We will now use matplotlib
to plot a scatter plot of all the data sets:
import matplotlib.pyplot as plt
plt.figure()
plt.scatter(set_1_x, set_1_y)
plt.title("Data set I")
plt.xlabel("$x$")
plt.ylabel("$y$");
import matplotlib.pyplot as plt
plt.figure()
plt.scatter(set_2_x, set_2_y)
plt.title("Data set II")
plt.xlabel("$x$")
plt.ylabel("$y$");
import matplotlib.pyplot as plt
plt.figure()
plt.scatter(set_3_x, set_3_y)
plt.title("Data set III")
plt.xlabel("$x$")
plt.ylabel("$y$");
import matplotlib.pyplot as plt
plt.figure()
plt.scatter(set_4_x, set_4_y)
plt.title("Data set IV")
plt.xlabel("$x$")
plt.ylabel("$y$");
It is clear that despite having differing means and standard deviations, the data sets are different.

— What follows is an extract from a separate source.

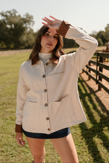 The Georgia Cream & Brown Barn Jacket is a timeless layering piece that beautifully blends classic details with a modern fit. Crafted from soft cream fabric, this jacket exudes understated elegance, while the brown corduroy accents on the collar and wrists add a nostalgic touch of vintage charm. The tortoise button-up front gives the jacket an elevated, refined finish, making it as stylish as it is functional.

To fit a line of best fit we will using numpy.polyfit
which fits a polynomial.
We specify that we want a line (so a polynomial of degree 1):
coefficients = np.polyfit(set_1_x, set_1_y, 1)
coefficients
array([0.50009091, 3.00009091])
Here are each of the coefficients for the lines of best fit for each data set:
for x, y in (
(set_1_x, set_1_y),
(set_2_x, set_2_y),
(set_3_x, set_3_y),
(set_4_x, set_4_y),
):
a, b = np.polyfit(x, y, 1)
print(a, b)
0.5000909090909094 3.000090909090908
0.5000000000000006 3.0009090909090883
0.49972727272727313 3.0024545454545453
0.49990909090909097 3.0017272727272717
All the coefficients are the same, we will go ahead and add a plot of them to each plot:
import matplotlib.pyplot as plt
x = set_1_x
y = set_1_y
title = "Data set I"
coefficients = np.polyfit(x, y, 1)
line_y = [a * x_value + b for x_value in x]
plt.figure()
plt.scatter(x, y)
plt.plot(x, line_y, color="red")
plt.title(title)
plt.xlabel("$x$")
plt.ylabel("$y$");
import matplotlib.pyplot as plt
x = set_2_x
y = set_2_y
title = "Data set II"
coefficients = np.polyfit(x, y, 1)
line_y = [a * x_value + b for x_value in x]
plt.figure()
plt.scatter(x, y)
plt.plot(x, line_y, color="red")
plt.title(title)
plt.xlabel("$x$")
plt.ylabel("$y$");
import matplotlib.pyplot as plt
x = set_3_x
y = set_3_y
title = "Data set III"
coefficients = np.polyfit(x, y, 1)
line_y = [a * x_value + b for x_value in x]
plt.figure()
plt.scatter(x, y)
plt.plot(x, line_y, color="red")
plt.title(title)
plt.xlabel("$x$")
plt.ylabel("$y$");
import matplotlib.pyplot as plt
x = set_4_x
y = set_4_y
title = "Data set IV"
coefficients = np.polyfit(x, y, 1)
line_y = [a * x_value + b for x_value in x]
plt.figure()
plt.scatter(x, y)
plt.plot(x, line_y, color="red")
plt.title(title)
plt.xlabel("$x$")
plt.ylabel("$y$");
Anscombe’s quartet is often used to demonstrate the importance of visualising data. In this particular exercise we have seen that 4 data sets have the same mean, standard deviation and line of best fit but are immediately different which is clear once visualised.
Important
In this chapter we have:
Plotted a scatter plot.
Add a plot of a line to our scatter plot.